Finché quest’acqua nervosa e scura ci vorrà portare in braccio addormentati senza tremare, figlio. La paura non avrà porte.
E adesso che il vento cambia – e da ghibli si fa pigro scirocco – credimi se ti dico che il mare non risponde perché non sa, o forse ha imparato e sta muto per non ferire.

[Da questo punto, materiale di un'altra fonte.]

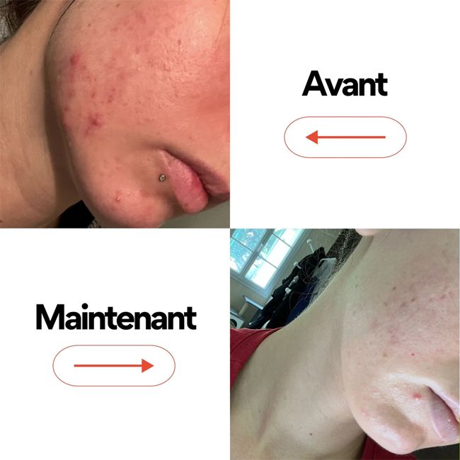 Résultat : L'apparence de la peau est améliorée et l'acné est soulagé.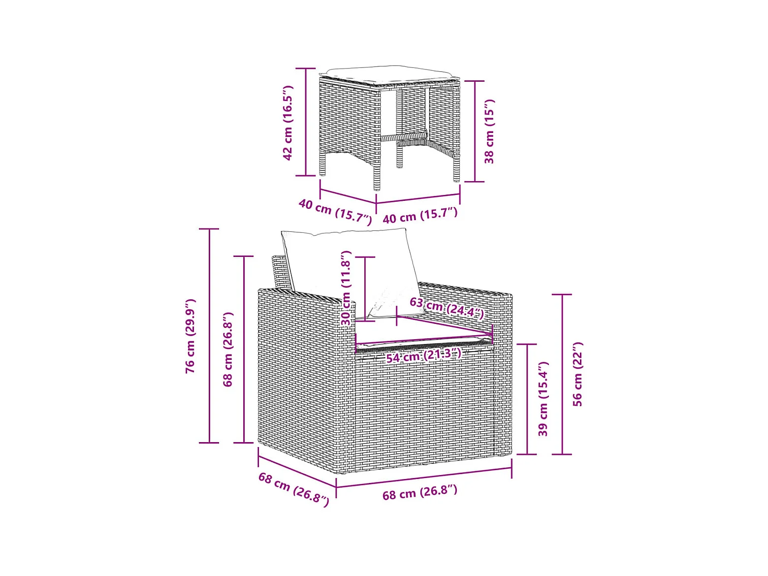 Salon complet de jardin marron
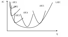В долгосрочном периоде кривая средних валовых издержек образуется как касательная к множеству краткосрочных кривых средних издержек. Результируюшая кривая показывает, как изменяются издержки предприятия в долгосрочном периоде при разных технологических процессах (рис. 38).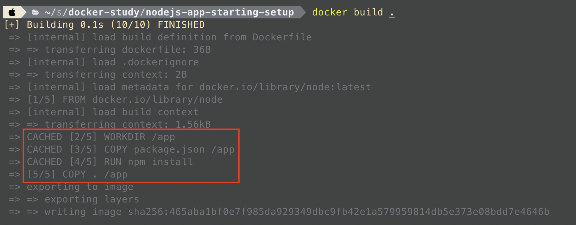 위 3개의 step 이 모두 CACHED 수식어가 붙어있다! 즉 캐시 된 결과를 사용하여 빠른 시간에 빌드한 것이다.

E se la muffa che imputridisce il legno marcito si arrenderà se la Signora cannibale mi porterà a fare un giro lungo cento volte cento i passi seminati per il mondo, tu lascia che la chiatta sia un guscio che culla al mio posto.
Così la paura non avrà porte in questo barcone di sogni in cui abitano cinquecento miraggi, tutti diversi e tutti uguali cinquecento colati a picco e pochi altri che si ostinano a volare.
Oggi non so più che giorno sia, quanto pane ci getteranno i lupi, o se soltanto una lacrima d’acqua potrà bagnarti le labbra, ancora, ma io ripeto il mio canto, canto che batte i suoi colpi, che insiste e questo mare non ti mangerà come un pesciolino seccato al sole.
Forse la prima cosa che vedrai sarà una divisa indulgente o l’albero dei bergamotti narrato nel maqamat dei padri.
Forse, pensa amore, la prima cosa saranno baci non miei baci di un altro colore, dolci come paste di mandorle speziati come la tristezza.
E adesso che il vento si alza e scuote, e spaventa, che la decima notte trasforma l’acqua in melma d’olio
e la fa granito e sepolcro, ragnatela e roveto io ti ripeto ancora che la paura non avrà porte.
Che sarà serrata ai margini di un ricordo buono frantumata da carezze, seminata come briciole nel bosco.
Sull’orlo di un mondo giusto che spetta a tutti o a nessuno.